A series of new U(IV) and Th(IV) fluorides, Na7U6F31 (1), NaUF5 (2), NaU2F9 (3), KTh2F9 (4), NaTh2F9 (5), (H3O)Th3F13 (6), and (H3O)U3F13 (7), was obtained using hydrothermal and low-temperature flux methods. Mild hydrothermal reactions with uranyl acetate as a precursor yielded 1, 7, and the monoclinic polymorph of NaU2F9, whereas direct reactions between UF4 and NaF led to the formation of 2 and orthorhombic NaU2F9 (3). This highlights an unexpected difference in reaction products when different starting uranium sources are used. All seven compounds were characterized by single-crystal X-ray diffraction, and their structures are compared on the basis of cation topology, revealing a close topological resemblance between fluorides on the basis of the layers observed in NaUF5(H2O). Phase-pure samples of 1, 2, and both polymorphs of NaU2F9 were obtained, and their spectroscopic and magnetic properties were measured. The UV-vis data are dominated by the presence of U4+ cations and agree well with the electronic transitions. Effective magnetic moments of the studied compounds were found to range from 3.08 to 3.59 μB.

Retention of a Paramagnetic Ground State at Low Temperatures in a Family of Structurally Related UIV Phosphates

A new uranium fluoride phosphate, UFPO4, was synthesized via a mild hydrothermal route and characterized optically, thermally, and magnetically. Two thermal transformation products, U2O(PO4)2 and UIVUVIO2(PO4)2, were discovered to be structurally related, and were subsequently synthesized for bulk property measurements. All three materials failed to follow Curie-Weiss behavior at low temperatures, attributed to the nearly ubiquitous singlet ground state of U(IV), transitioning into a Curie-Weiss paramagnetic regime at high temperatures. Neutron diffraction experiments were performed on UFPO4 and UIVUVIO2(PO4)2 in order to characterize this unusual magnetic behavior.

Application of a mild hydrothermal method to the synthesis of mixed transition-metal(II)/uranium(IV) fluorides

Single crystals of five transition metal uranium fluorides were obtained via the use of a mild hydrothermal route. Uranyl acetate was used as both the uranium source and the reducing agent for an in situ reduction of U(VI) to U(IV). The synthesized materials are present as both two- and three-dimensional structures and contain uranium in 9-fold coordination environments. Magnetic susceptibility measurements indicate that the reported materials remain paramagnetic down to 2 K, with no evidence for the existence of long-range magnetic ordering. Thermogravimetric analysis studies of the reported materials are also presented.

Breaking a Paradigm: Observation of Magnetic Order in the Purple U(IV) Phosphite: U(HPO3)2

The hydrothermal crystal growth of a new uranium phosphite, U(HPO3)2, is reported.
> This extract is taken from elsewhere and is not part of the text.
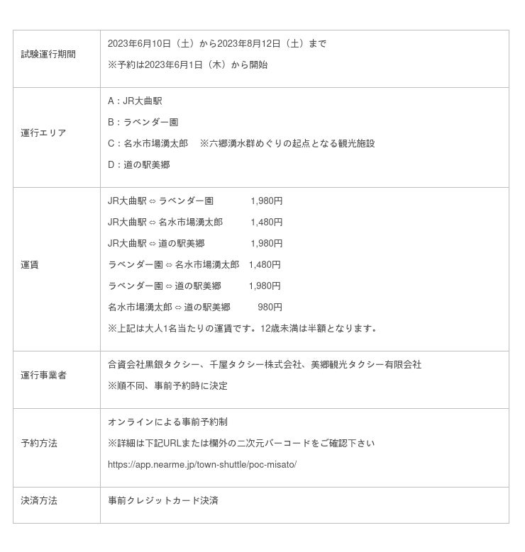 こうした状況を踏まえ、この度、「美郷町への移動をもっと自由に」をコンセプトとして、タクシーを利用者同士がシェアするニアミー独自のAIを活用した観光シェアタクシー「ミズモシャトル」の実証事業を行うこととしました。「ミズモシャトル」は、JR大曲駅を起点とし、ラベンダー園をはじめ、町内の主要観光地・観光施設を繋ぐルートをリーズナブルな価格で訪れることが可能となるほか、Webアプリによるシンプルな予約導線、フレキシブルな予約時間の指定、クレジットカードによる事前決済など、よりスムーズにご利用いただけます。

This material was found to exhibit optical and magnetic properties not commonly observed in U(IV) containing materials, specifically purple coloration and low temperature magnetism. We discuss the synthesis, structure determination, and characterization of the title compound and comment on its optical, thermal, and magnetic properties. The magnetic behavior is consistent with frustrated antiferromagnetism that arises from the hexagonal honeycomb lattice of U(IV) ions. This material gives rare evidence for U(IV) ions participating in magnetic order.

Supercritical synthesis and topological analysis of K5U5O17(OH)

High quality single crystals of the monoclinic phase K5U5O17(OH) were synthesized via a hydrothermal method utilizing the supercritical regime of water. The structure of K5U5O17(OH) is isotypic with the Na phase, Na5U5O17(OH), however crystallizes in a slightly different space group due to size effects. K5U5O17(OH) has the same sheet-anion structure as the Na analog, whose topology is analyzed here for the first time. K5U5O17(OH) shows fluorescence typical for uranyl species.